Богатства стекались прежде всего в монастыри. Именно там шло самое интенсивное строительство. В первую очередь строили пристанище, которое должно было принять большую, процветавшую семью с крепкими внутренними связями, владевшую обширными земельными угодьями и с большим количеством прислуги. Семью, которую представляла собой любая бенедиктинская община. Эта община поддерживала связь с внешним миром. У врат монастыря находились дома для паломников, близ гостиничных корпусов размещалась прислуга. Именно сюда арендаторы несли дань и десятину, заполняя погреба снедью. Немногие монахи приближались к этой части монастыря, где осуществлялся контакт с мирской жизнью и ее гибельными искушениями. Большинство монахов жили изолированно, отделившись от мира стеной, за которую они отказывались выходить. Основное пространство монастыря замкнуто и сосредоточено внутри его стен.

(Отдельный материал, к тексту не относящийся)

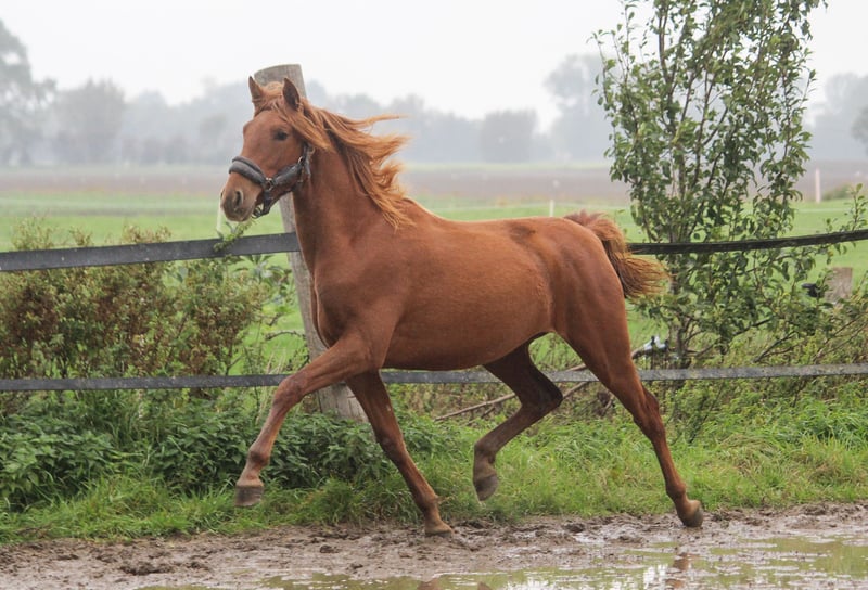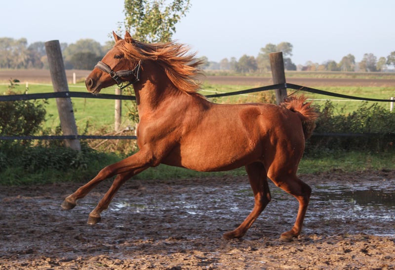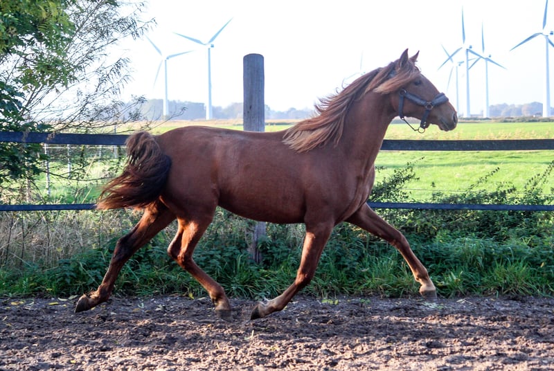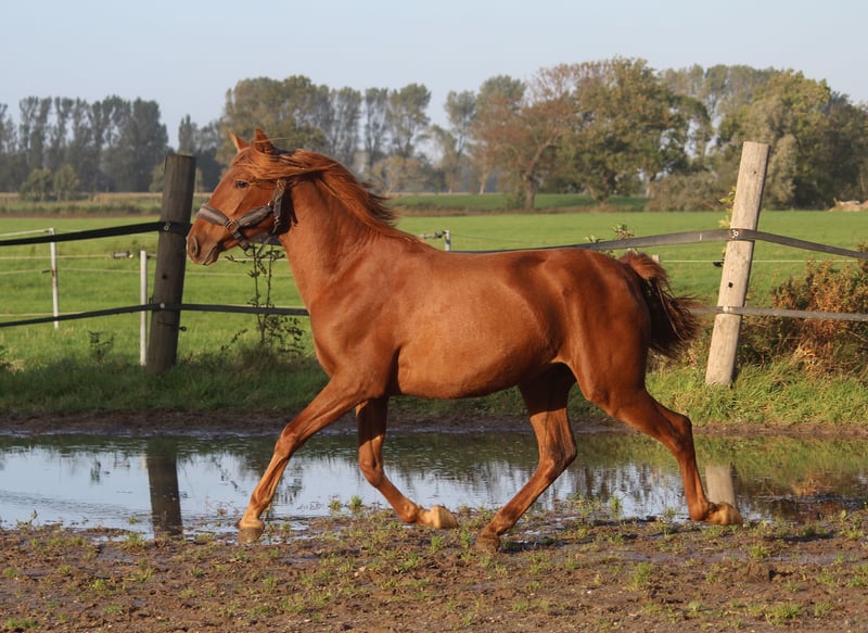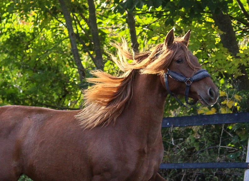 Même les parents de Guantanamera sont d'une beauté impressionnante. La mère, une jument alezane nommée Gamberra, a été sélectionnée par l'association espagnole avec d'excellentes notes, notamment pour son type de race particulièrement remarquable. Le père de Guantanamera, Acapulco Ducal, est aussi magnifique qu'une peinture et est actuellement entraîné en Suisse dans le domaine du dressage. La jeune jument montre déjà, à l'âge d'un an et demi, un poil exceptionnel. La crinière lui descend presque jusqu'aux naseaux. Mais ce n'est pas seulement la beauté qui lui a été donnée, elle possède également une grande qualité de mouvement. Elle dispose de trois allures de base solides, avec un dos porteur et une excellente activation de l'arrière-main. Nos chevaux sont tous très confiants et proches de l'homme. Le débourrage ne pose aucun problème chez nous, car ils n'ont jamais vécu de mauvaises expériences. Si vous êtes intéressé par Guantanamera, n'hésitez pas à nous contacter. Nous pouvons vous donner des détails approfondis sur chaque cheval né chez nous.

Окруженный со всех сторон общими помещениями — залом для собраний всей братии, столовой, дортуарами, — клуатр был центром этого закрытого мира. Островок природы, но природы исправленной, огражденной от несовершенного мира, место, где воздух, солнце, деревья, птицы, проточная вода обретали свежесть и чистоту первых дней Творения. Пропорции клуатра символизировали, что он принадлежит к тому совершенному миру, которого земля не знает со времени грехопадения Адама. Квадратный, ориентированный по четырем сторонам света и четырем основным стихиям, из которых создан материальный мир, двор вырывал часть вселенной из хаоса, в который она погрузилась. Он восстанавливал ее гармоничные пропорции. С теми, кто решил провести здесь жизнь, он говорил на совершенном языке иного мира.